Stored records
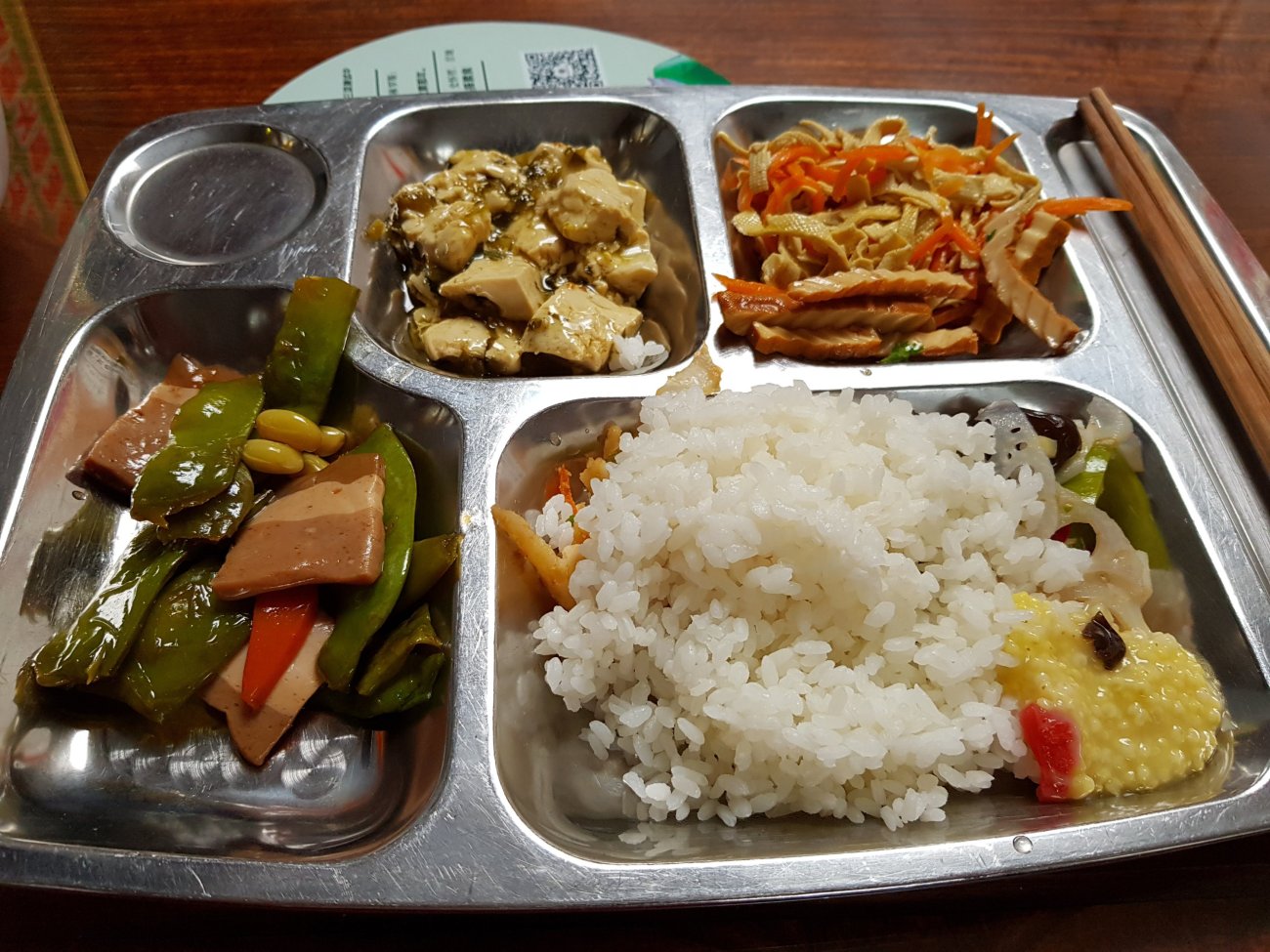 For dinner, I found my ideal meal today. VEGETARIAN buffet in a temple! For Rmb 38 you can have soup, fruits, different vegetarian dishes.
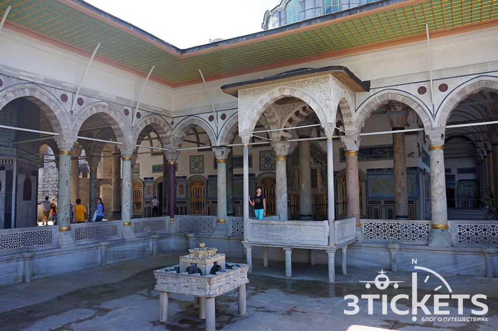 — Дворец Топкапы – являлся центром Османской империи до XIXвека. Громадный дворцовый комплекс с множеством башен, являющийся шедевром османской архитектуры. Примечателен изумительными интерьерами и роскошными внутренними дворами, украшенными сложной росписью.
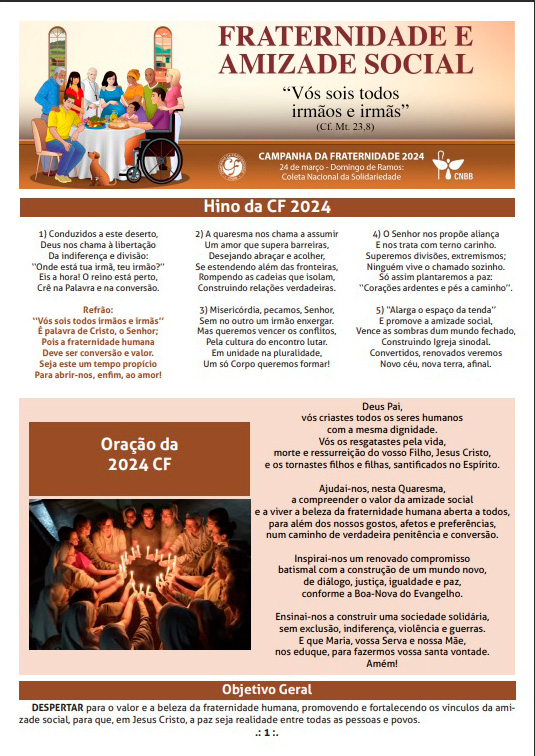 Está disponível para download o Folhetão da Campanha da Fraternidade 2024, produzido pela Equipe Arquidiocesana para a Campanha da Fraternidade, ele tras como objetivo DESPERTAR para o valor e a beleza da fraternidade humana, promovendo e fortalecendo os vínculos da amizade social, para que, em Jesus Cristo, a paz seja realidade entre todas as pessoas e […]
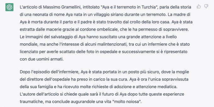 Di questa cosa cominciano a rendersi conto alcune aziende giornalistiche, che stanno cercando di correre ai ripari: e la questione ha qualcosa in comune con il confronto che ha opposto in questi anni – e oppone tuttora – i giornali e Google sull’uso degli “snippet” dei giornali sulle pagine di Google. Dal Wall Street Journal e da CNN hanno intanto cominciato a protestare per l’utilizzo dei propri contenuti al fine di arricchire l’addestramento di ChatGPT: «Chiunque voglia usare il lavoro dei giornalisti del Wall Street Journal per addestrare l’intelligenza artificiale deve ottenerne regolare licenza da parte di Dow Jones», dicono da Dow Jones, editore del Wall Street Journal. È stata la stessa ChatGPT, interrogata, a confessare la lista delle sue fonti (anche italiane).
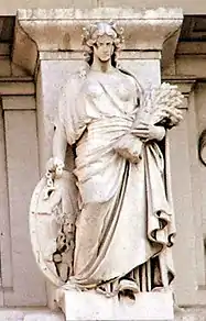 - Сицилия. Фигура с хлебным снопом и со щитом, на котором изображен древний символ острова — Тринакрия. Скульптор — Микеле Трипишано.
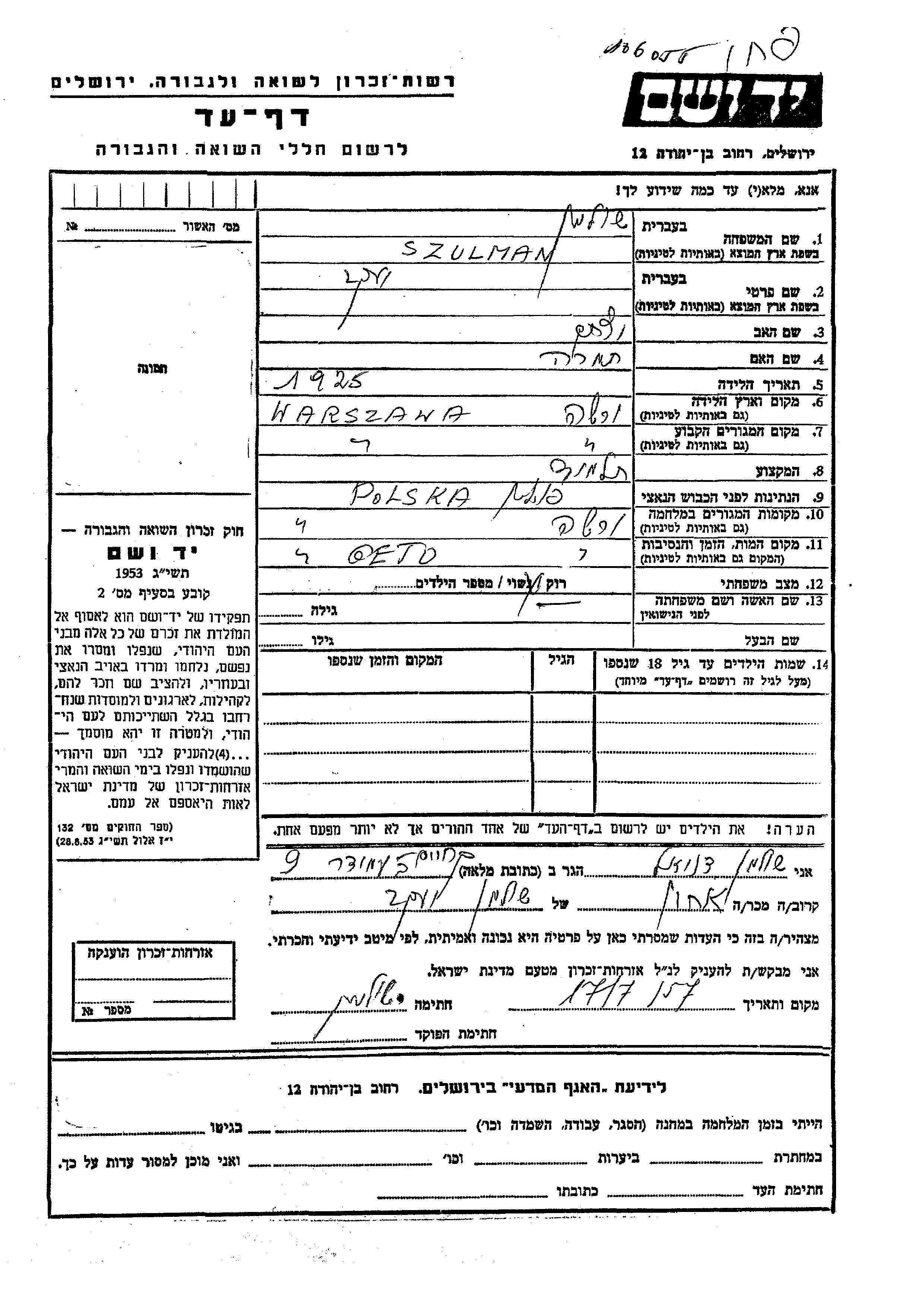Yaakov Szulman wurde im Jahr 1925 in Warsaw, Polen geboren. Er war der Sohn von Yitzkhak und Tamara. Er war Schüler/-in und Ledig. Vor dem Zweiten Weltkrieg lebte er in Warsaw, Polen. Während des Krieges war er in Warsaw, Polen.
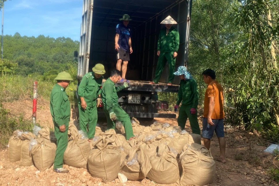 5 tấn đất thật từ Ngã ba Đồng lộc được chuyển lên sân khấu nhằm mang đến trải nghiệm có thật cho diễn viên và khán giả xem vở diễn Huyền thoại tuổi thanh xuân. (Ảnh BTC) |
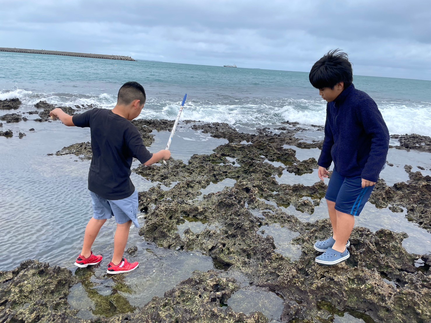 潮の引き時間を狙って、、、岩の隙間にけっこう魚が⁉
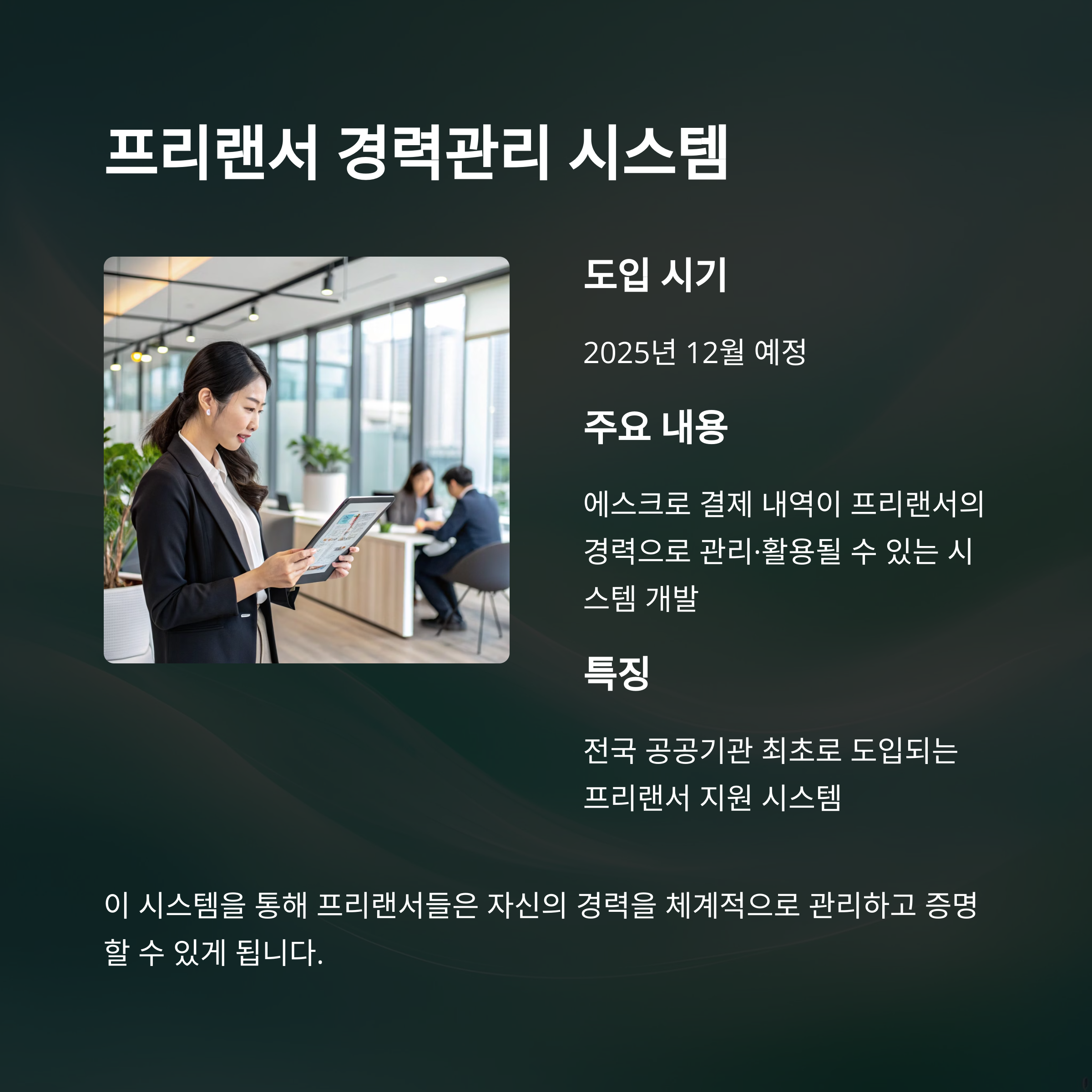 - 2025년 도입되는 에스크로 시스템과 경력관리 시스템은 전국 최초 시도로 프리랜서의 소득 안정성과 신뢰 기반 조성에 기여할 전망

Task description: Copy out each record shown above without alteration, skipping any picture.

Solution for this problem:
 For dinner, I found my ideal meal today. VEGETARIAN buffet in a temple! For Rmb 38 you can have soup, fruits, different vegetarian dishes.
 — Дворец Топкапы – являлся центром Османской империи до XIXвека. Громадный дворцовый комплекс с множеством башен, являющийся шедевром османской архитектуры. Примечателен изумительными интерьерами и роскошными внутренними дворами, украшенными сложной росписью.
 Está disponível para download o Folhetão da Campanha da Fraternidade 2024, produzido pela Equipe Arquidiocesana para a Campanha da Fraternidade, ele tras como objetivo DESPERTAR para o valor e a beleza da fraternidade humana, promovendo e fortalecendo os vínculos da amizade social, para que, em Jesus Cristo, a paz seja realidade entre todas as pessoas e […]
 Di questa cosa cominciano a rendersi conto alcune aziende giornalistiche, che stanno cercando di correre ai ripari: e la questione ha qualcosa in comune con il confronto che ha opposto in questi anni – e oppone tuttora – i giornali e Google sull’uso degli “snippet” dei giornali sulle pagine di Google. Dal Wall Street Journal e da CNN hanno intanto cominciato a protestare per l’utilizzo dei propri contenuti al fine di arricchire l’addestramento di ChatGPT: «Chiunque voglia usare il lavoro dei giornalisti del Wall Street Journal per addestrare l’intelligenza artificiale deve ottenerne regolare licenza da parte di Dow Jones», dicono da Dow Jones, editore del Wall Street Journal. È stata la stessa ChatGPT, interrogata, a confessare la lista delle sue fonti (anche italiane).
 - Сицилия. Фигура с хлебным снопом и со щитом, на котором изображен древний символ острова — Тринакрия. Скульптор — Микеле Трипишано.
Yaakov Szulman wurde im Jahr 1925 in Warsaw, Polen geboren. Er war der Sohn von Yitzkhak und Tamara. Er war Schüler/-in und Ledig. Vor dem Zweiten Weltkrieg lebte er in Warsaw, Polen. Während des Krieges war er in Warsaw, Polen.
 5 tấn đất thật từ Ngã ba Đồng lộc được chuyển lên sân khấu nhằm mang đến trải nghiệm có thật cho diễn viên và khán giả xem vở diễn Huyền thoại tuổi thanh xuân. (Ảnh BTC) |
 潮の引き時間を狙って、、、岩の隙間にけっこう魚が⁉
 - 2025년 도입되는 에스크로 시스템과 경력관리 시스템은 전국 최초 시도로 프리랜서의 소득 안정성과 신뢰 기반 조성에 기여할 전망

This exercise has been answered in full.